ATCR Troubleshooting Guide#

This document provides troubleshooting guidance for common ATCR deployment and operational issues.

OAuth Authentication Failures#

JWT Timestamp Validation Errors#

Symptom:

error: invalid_client
error_description: Validation of "client_assertion" failed: "iat" claim timestamp check failed (it should be in the past)

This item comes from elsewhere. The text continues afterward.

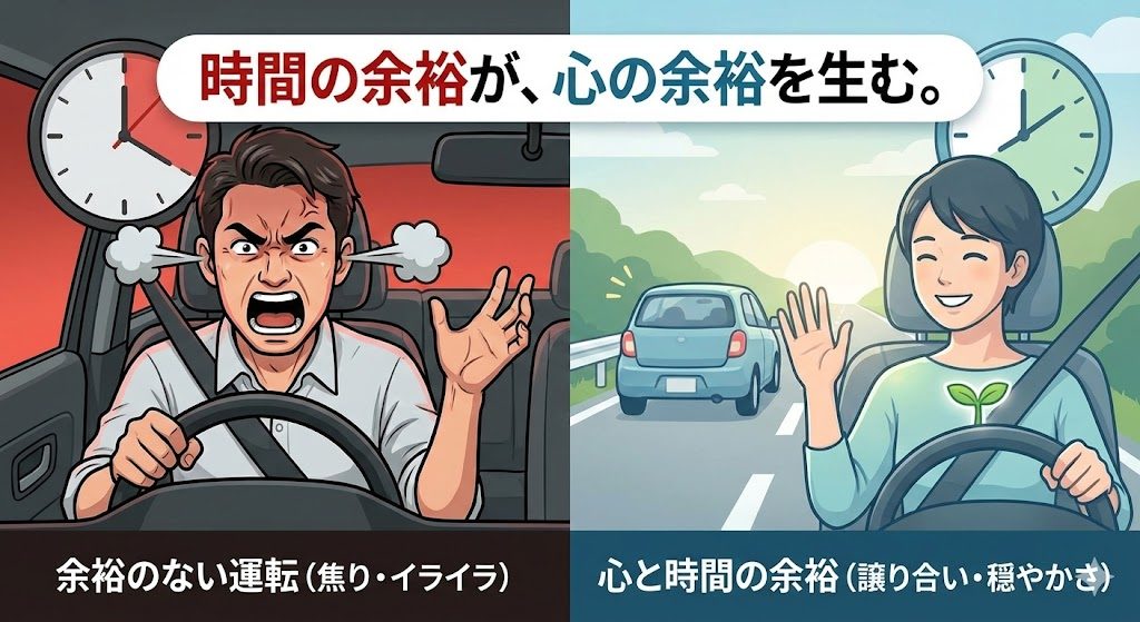 今回の出来事で私が思った事は、時間の余裕を持って、気持ちの余裕も持ことの大切さ。

Root Cause: The AppView server's system clock is ahead of the PDS server's clock. When the AppView generates a JWT for OAuth client authentication (confidential client mode), the "iat" (issued at) claim appears to be in the future from the PDS's perspective.

Diagnosis:

  1. Check AppView system time:
date -u
timedatectl status
  1. Check if NTP is active and synchronized:
timedatectl show-timesync --all
  1. Compare AppView time with PDS time (if accessible):
# On AppView
date +%s

# On PDS (or via HTTP headers)
curl -I https://your-pds.example.com | grep -i date
  1. Check AppView logs for clock information (logged at startup):
docker logs atcr-appview 2>&1 | grep "Configured confidential OAuth client"

Example log output:

level=INFO msg="Configured confidential OAuth client"
  key_id=did:key:z...
  system_time_unix=1731844215
  system_time_rfc3339=2025-11-17T14:30:15Z
  timezone=UTC

Solution:

  1. Enable NTP synchronization (recommended):

    On most Linux systems using systemd:

    # Enable and start systemd-timesyncd
    sudo timedatectl set-ntp true
    
    # Verify NTP is active
    timedatectl status
    

    Expected output:

    System clock synchronized: yes
    NTP service: active
    
  2. Alternative: Use chrony (if systemd-timesyncd is not available):

    # Install chrony
    sudo apt-get install chrony  # Debian/Ubuntu
    sudo yum install chrony       # RHEL/CentOS
    
    # Enable and start chronyd
    sudo systemctl enable chronyd
    sudo systemctl start chronyd
    
    # Check sync status
    chronyc tracking
    
  3. Force immediate sync:

    # systemd-timesyncd
    sudo systemctl restart systemd-timesyncd
    
    # Or with chrony
    sudo chronyc makestep
    
  4. In Docker/Kubernetes environments:

    The container inherits the host's system clock, so fix NTP on the host machine:

    # On Docker host
    sudo timedatectl set-ntp true
    
    # Restart AppView container to pick up correct time
    docker restart atcr-appview
    
  5. Verify clock skew is resolved:

    # Should show clock offset < 1 second
    timedatectl timesync-status
    

Acceptable Clock Skew:

  • Most OAuth implementations tolerate ±30-60 seconds of clock skew
  • DPoP proof validation is typically stricter (±10 seconds)
  • Aim for < 1 second skew for reliable operation

Prevention:

  • Configure NTP synchronization in your infrastructure-as-code (Terraform, Ansible, etc.)
  • Monitor clock skew in production (e.g., Prometheus node_exporter includes clock metrics)
  • Use managed container platforms (ECS, GKE, AKS) that handle NTP automatically

DPoP Nonce Mismatch Errors#

Symptom:

error: use_dpop_nonce
error_description: DPoP "nonce" mismatch

Repeated multiple times, potentially followed by:

error: server_error
error_description: Server error

Root Cause: DPoP (Demonstrating Proof-of-Possession) requires a server-provided nonce for replay protection. These errors typically occur when:

  1. Multiple concurrent requests create a DPoP nonce race condition
  2. Clock skew causes DPoP proof timestamps to fail validation
  3. PDS session state becomes corrupted after repeated failures

Diagnosis:

  1. Check if errors occur during concurrent operations:
# During docker push with multiple layers
docker logs atcr-appview 2>&1 | grep "use_dpop_nonce" | wc -l
  1. Check for clock skew (see section above):
timedatectl status
  1. Look for session lock acquisition in logs:
docker logs atcr-appview 2>&1 | grep "Acquired session lock"

Solution:

  1. If caused by clock skew: Fix NTP synchronization (see section above)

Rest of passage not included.